## ENTRIES SUPPLIED:
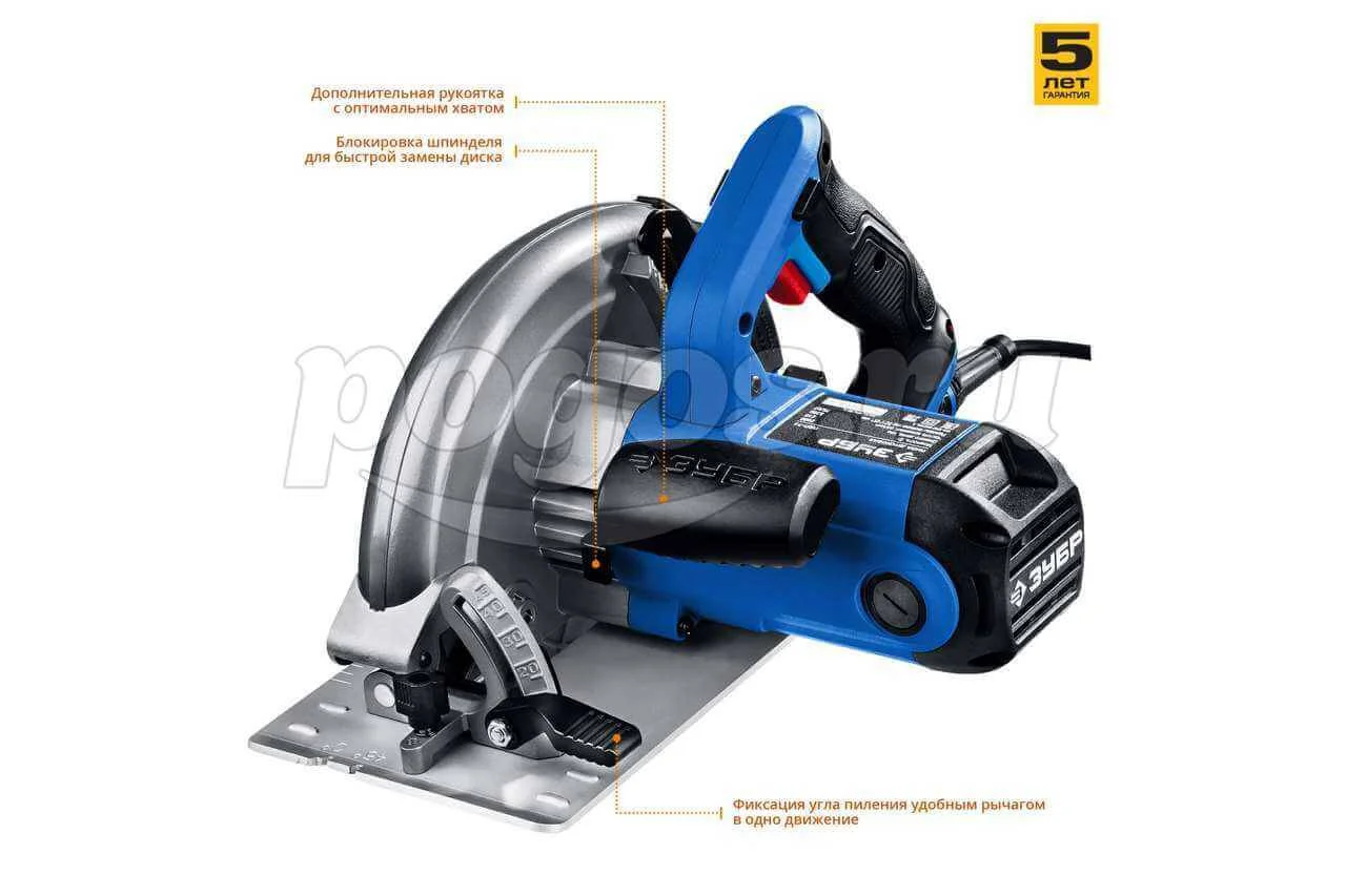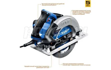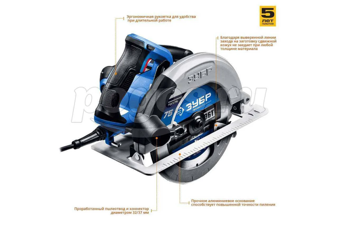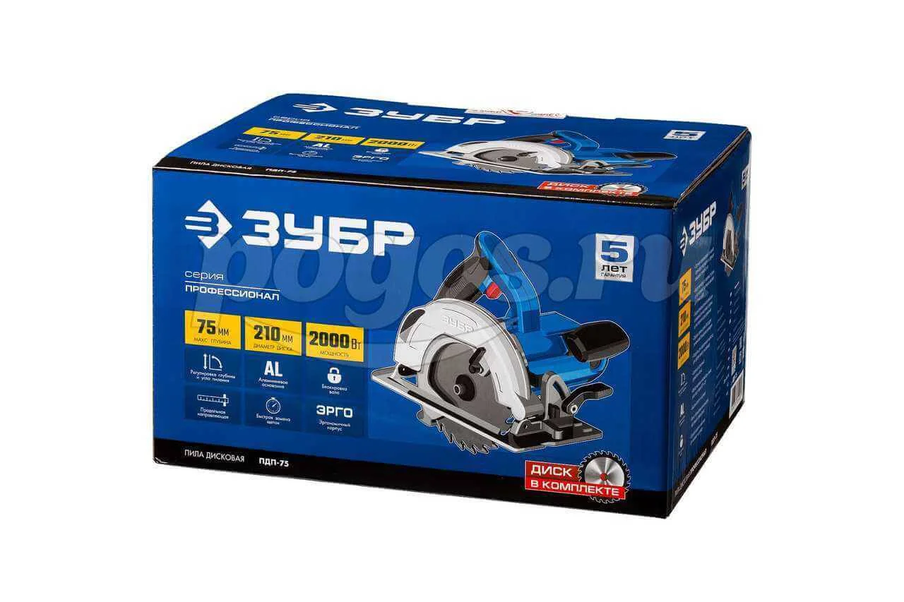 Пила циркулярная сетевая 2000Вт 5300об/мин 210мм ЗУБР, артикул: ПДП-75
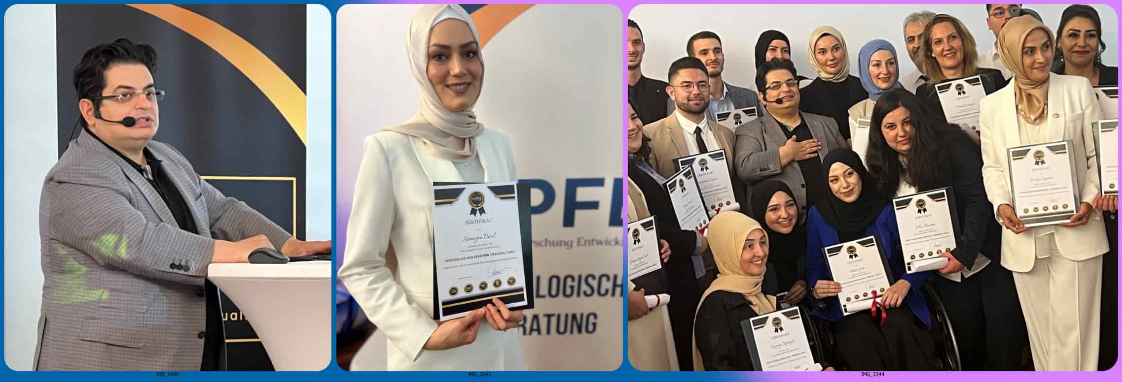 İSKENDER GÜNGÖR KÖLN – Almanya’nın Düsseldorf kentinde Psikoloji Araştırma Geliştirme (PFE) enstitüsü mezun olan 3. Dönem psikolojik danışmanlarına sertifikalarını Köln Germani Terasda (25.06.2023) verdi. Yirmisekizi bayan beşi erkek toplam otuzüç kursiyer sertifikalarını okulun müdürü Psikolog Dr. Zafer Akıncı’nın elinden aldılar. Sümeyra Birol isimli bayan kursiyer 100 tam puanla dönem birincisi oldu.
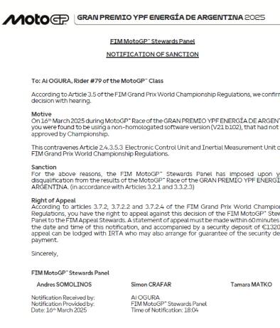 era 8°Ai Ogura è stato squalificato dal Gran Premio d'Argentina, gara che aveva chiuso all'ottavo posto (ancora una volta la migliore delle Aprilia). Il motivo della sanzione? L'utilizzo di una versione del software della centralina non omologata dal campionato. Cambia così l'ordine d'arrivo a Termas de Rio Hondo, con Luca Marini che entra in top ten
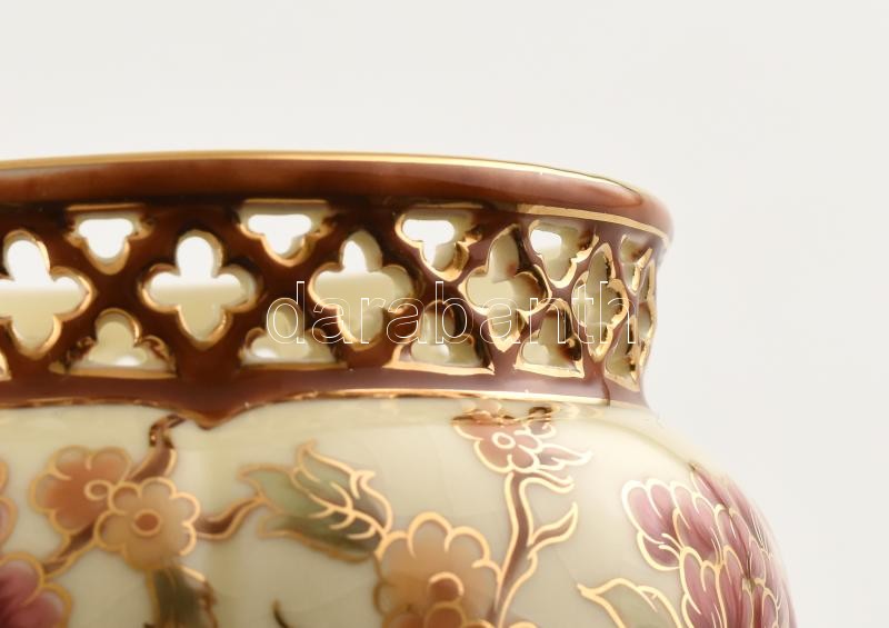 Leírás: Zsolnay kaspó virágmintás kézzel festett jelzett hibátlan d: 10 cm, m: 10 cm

--

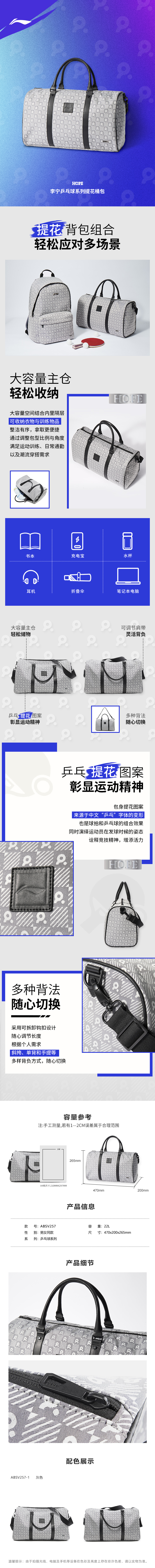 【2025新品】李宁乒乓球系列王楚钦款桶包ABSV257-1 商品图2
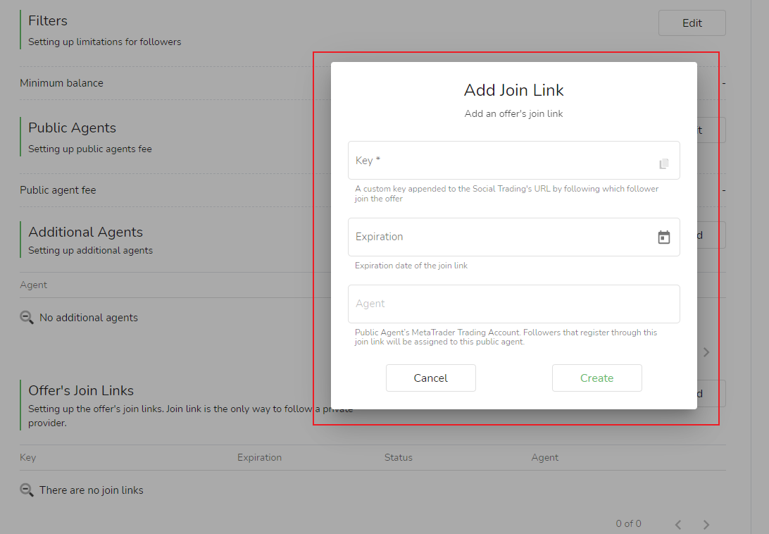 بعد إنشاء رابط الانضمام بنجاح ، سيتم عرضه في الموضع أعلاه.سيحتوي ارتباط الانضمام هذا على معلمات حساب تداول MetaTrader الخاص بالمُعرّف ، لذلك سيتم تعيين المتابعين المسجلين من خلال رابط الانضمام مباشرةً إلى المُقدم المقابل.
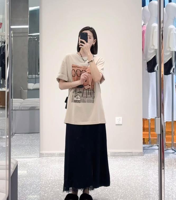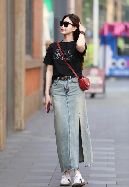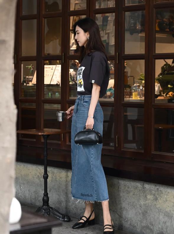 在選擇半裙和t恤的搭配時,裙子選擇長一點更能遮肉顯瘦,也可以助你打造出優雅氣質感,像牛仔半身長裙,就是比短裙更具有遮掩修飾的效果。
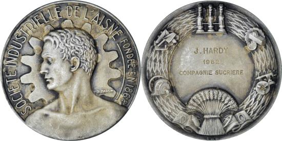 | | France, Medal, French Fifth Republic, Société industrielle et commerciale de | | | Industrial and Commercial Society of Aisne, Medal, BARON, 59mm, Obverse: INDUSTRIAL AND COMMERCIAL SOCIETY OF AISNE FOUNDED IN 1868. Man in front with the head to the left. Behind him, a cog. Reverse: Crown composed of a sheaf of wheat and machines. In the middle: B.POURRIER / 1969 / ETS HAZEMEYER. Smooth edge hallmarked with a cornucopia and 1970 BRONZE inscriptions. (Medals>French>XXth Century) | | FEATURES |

...

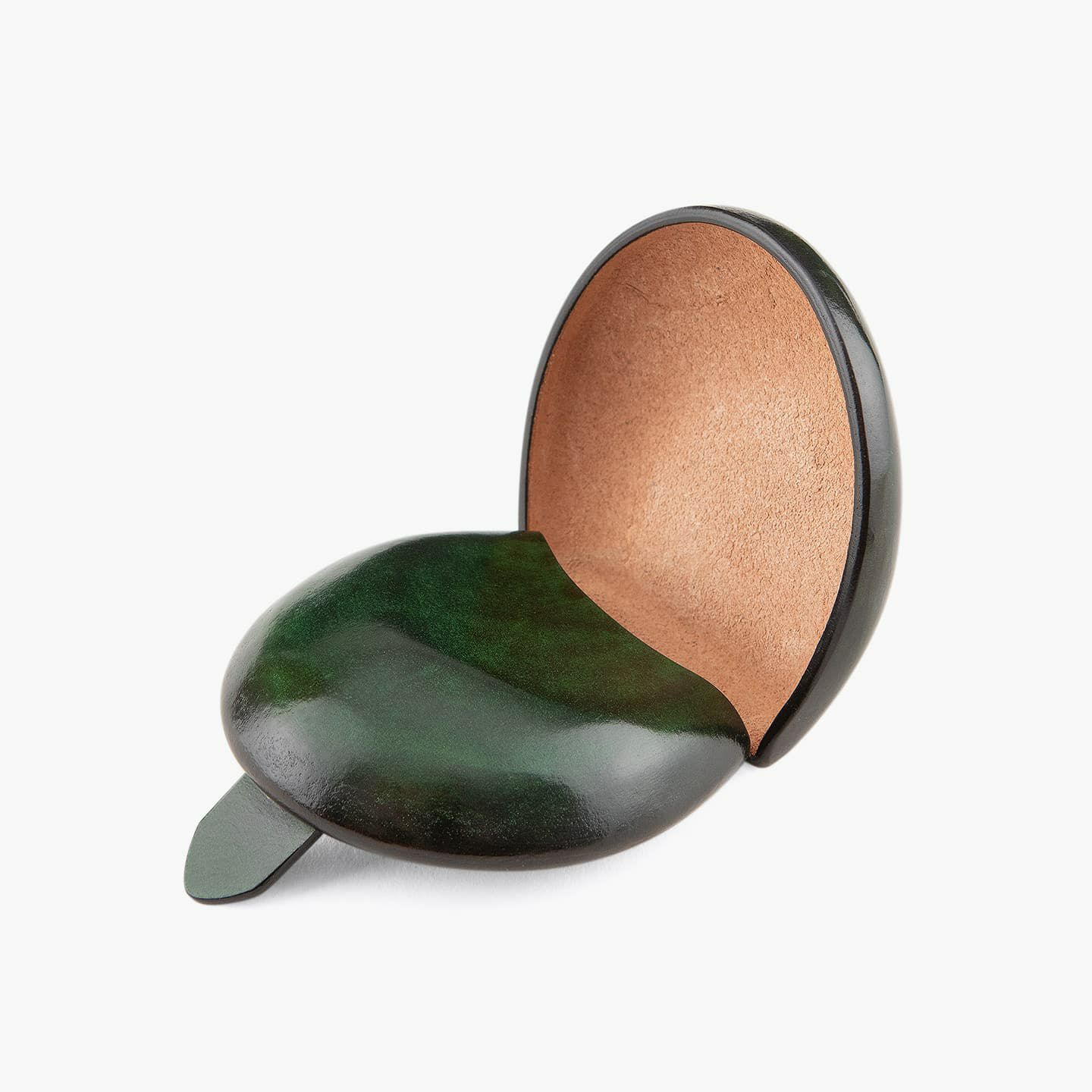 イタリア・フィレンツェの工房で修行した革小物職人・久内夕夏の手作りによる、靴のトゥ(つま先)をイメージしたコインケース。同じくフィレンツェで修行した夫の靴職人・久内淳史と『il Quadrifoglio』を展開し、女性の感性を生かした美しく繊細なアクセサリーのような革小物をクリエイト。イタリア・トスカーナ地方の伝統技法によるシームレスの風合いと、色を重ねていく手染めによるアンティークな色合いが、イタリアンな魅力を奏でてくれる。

## TASK REQUIREMENTS:
Although pictures appear among the entries, please set down only the lines from the one with "بعد إنشاء رابط" up to and including the one with "在選擇半裙和t恤的搭配時,裙", word for word.

## YOUR SOLUTION:
 بعد إنشاء رابط الانضمام بنجاح ، سيتم عرضه في الموضع أعلاه.سيحتوي ارتباط الانضمام هذا على معلمات حساب تداول MetaTrader الخاص بالمُعرّف ، لذلك سيتم تعيين المتابعين المسجلين من خلال رابط الانضمام مباشرةً إلى المُقدم المقابل.
 在選擇半裙和t恤的搭配時,裙子選擇長一點更能遮肉顯瘦,也可以助你打造出優雅氣質感,像牛仔半身長裙,就是比短裙更具有遮掩修飾的效果。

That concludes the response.